第5章 【第4章】ついに明かされる先輩の秘密!!
「手袋をしていたのはその手が原因だったのか…しかし、何故このような手に?」
『…私とラント君が知り合ったのって、私がラント君の隣に引っ越してからだよね?』
「ああ。…!まさか!?」
『私は引っ越してくる前…エイリアンに捕まってたの』
「『!!?』」
衝撃の事実に息を呑む。チユもエイリアンの被害者だったことに驚きを隠せないようだ。
『物心ついた時からUFOで過ごしてて、本当の両親も分からないの。ずっと、人体実験…って言えばいいのかな。色んな液体が入った注射を打たれたりしてて』
二の腕から手首にかけての部分を擦(さす)りながら語るチユ。おそらくその広範囲に薬物を打たれたのだろう。
『気付いたら、手も、足も、こんな風になってて、私、人間じゃなくなるんじゃないかって、怖くて』
ずっと鉄製の壁の中で過ごしてきたチユ。日に日に自分の体が内側から変わっていく感覚に、とうとう耐えられなくなったチユは逃げ出した。
部屋から出るのは思いのほか簡単だった。ジンペイが例えたドラゴンのような手は鉄製の壁を貫き破壊した。
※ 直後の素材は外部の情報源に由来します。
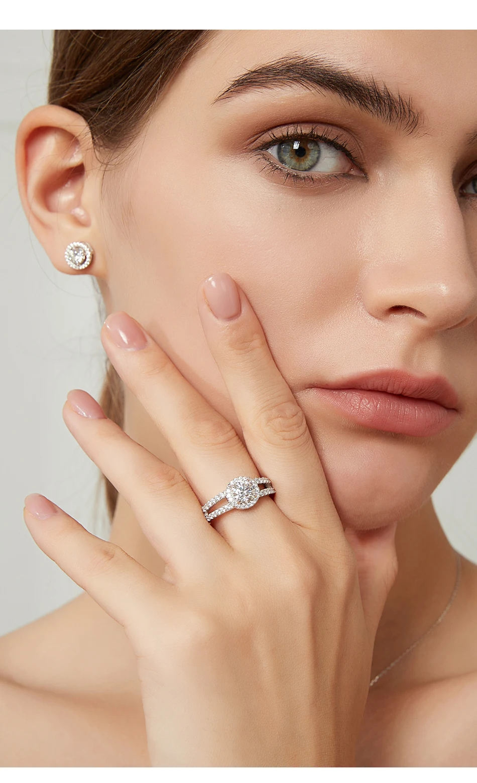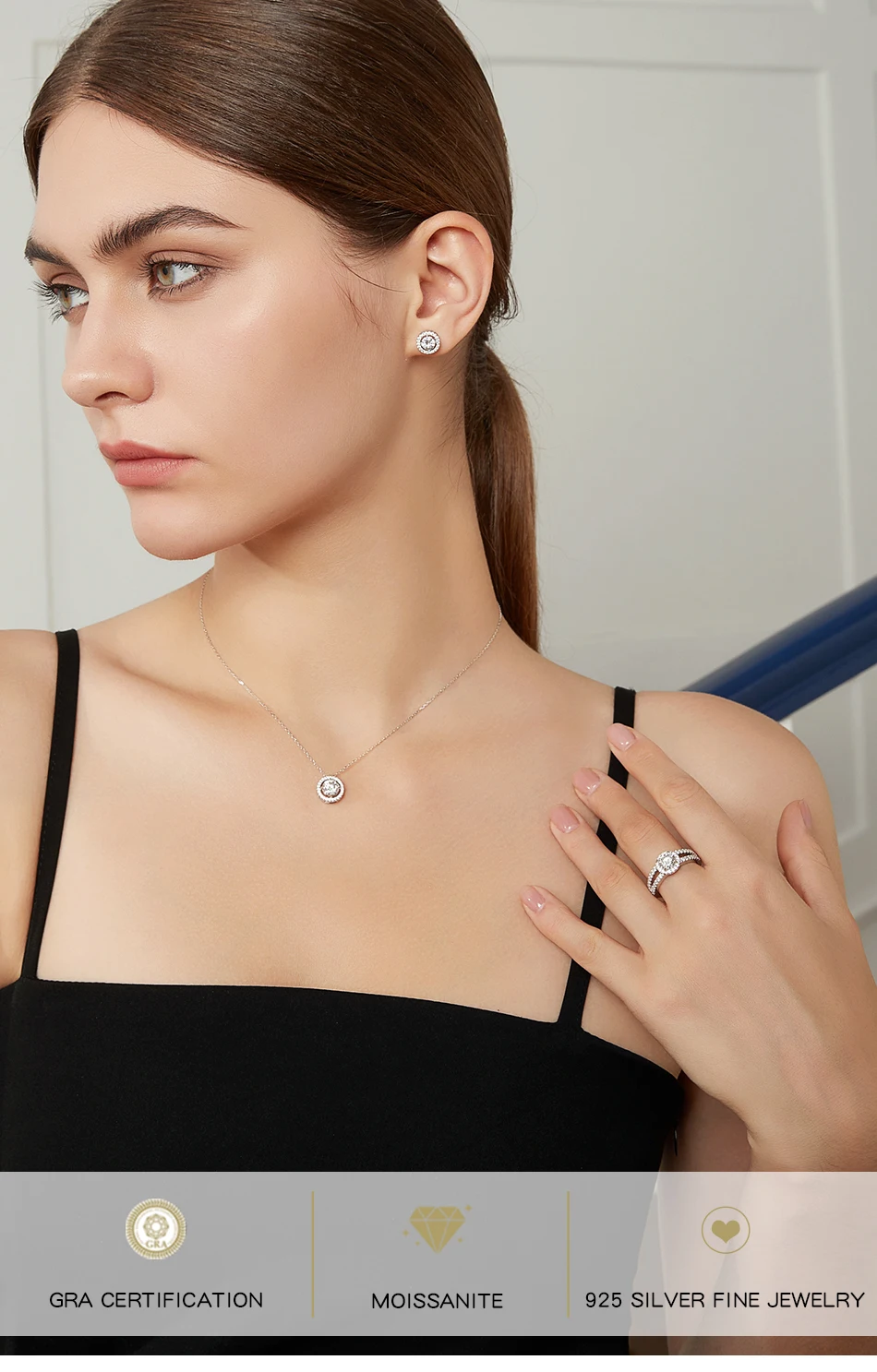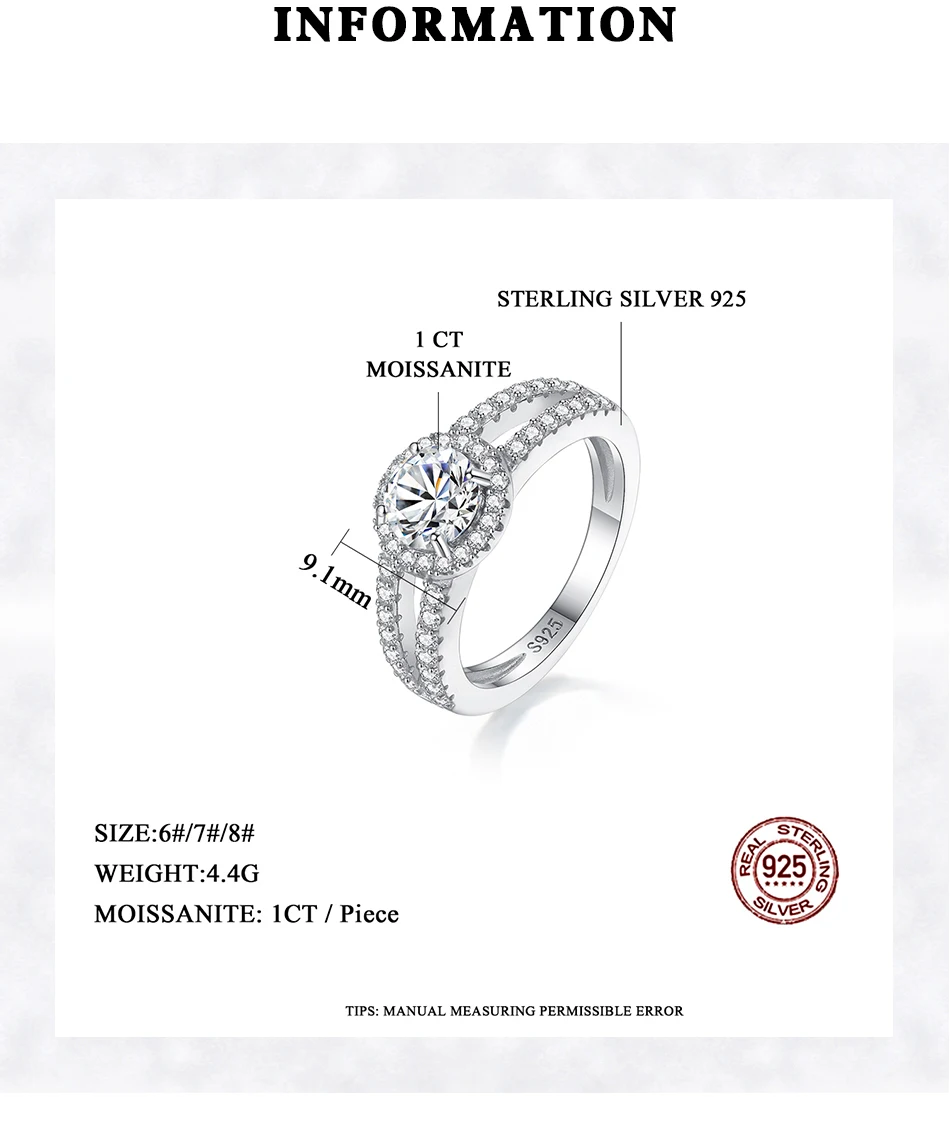 Диск круглое кольцо Moissanite сертифицированное 925 пробы Серебряное обручальное свадебное циркониевое проложить Установка лабораторные алмазные кольца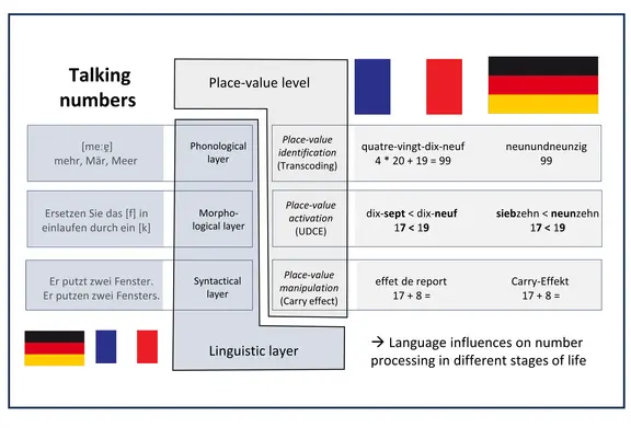 In dem DFG-geförderten Projekt Talking Numbers werden diese Beziehungen auf Verhaltens-, neurofunktioneller (fMRT) und neurostruktureller Ebene (MRT mit uni- und multivariatem Lesion-Behavior Mapping sowie Disconnectome Mapping) bei französisch- und deutschsprachigen Personen an der Sorbonne Universität Paris, der Universitätsklinik Tübingen und der Hochschule Trier untersucht. Dies ermöglicht einen direkten Vergleich beider Zahlwortsysteme. Es werden drei Altersgruppen (d.h. Kinder, Erwachsene und Ältere) eingeschlossen, um Erkenntnisse über altersbedingte Veränderungen der Spracheinflüsse auf die Zahlenverarbeitung zu gewinnen. Zudem werden die Auswirkungen typischer und beeinträchtigter Sprachverarbeitung (d.h. bei Kindern mit und ohne Sprachentwicklungsstörungen und nach Schlaganfall) untersucht.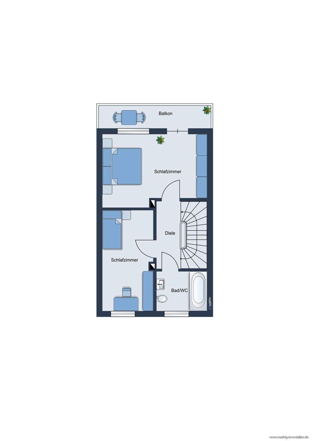 • Dachgeschoss - Grundrissskizze des Hauses - nicht maßstabsgetreu - Möblierung dient lediglich zur Veranschaulichung und ist nicht Bestandteil des Hauses -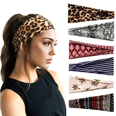 DRESHOW 6 Pack Headbands for Women Vintage Boho Head Wrap Elastic Hair Bands Cute Accessories

UFOから警報音が鳴り響く中、チユは構わず穴の空いた壁から飛び降りる。
このままずっと実験体のように生きるくらいなら、と意を決した決断だった。
幸い、四肢が異形に変化した上に、身体能力が人並み以上に発達していた彼女は上手く地面に着地できた。
そして運良く心優しい大人たちに保護され、何とか今まで生きてきたのだ。
『あの時、エイリアンにラント君の家族が襲われて、私のせいだって思ったの。私が逃げ出したから、私が、悪くて_』
「違う!!!」
『…え…』
自己嫌悪になり始めたチユにラントはたまらず叫ぶように否定した。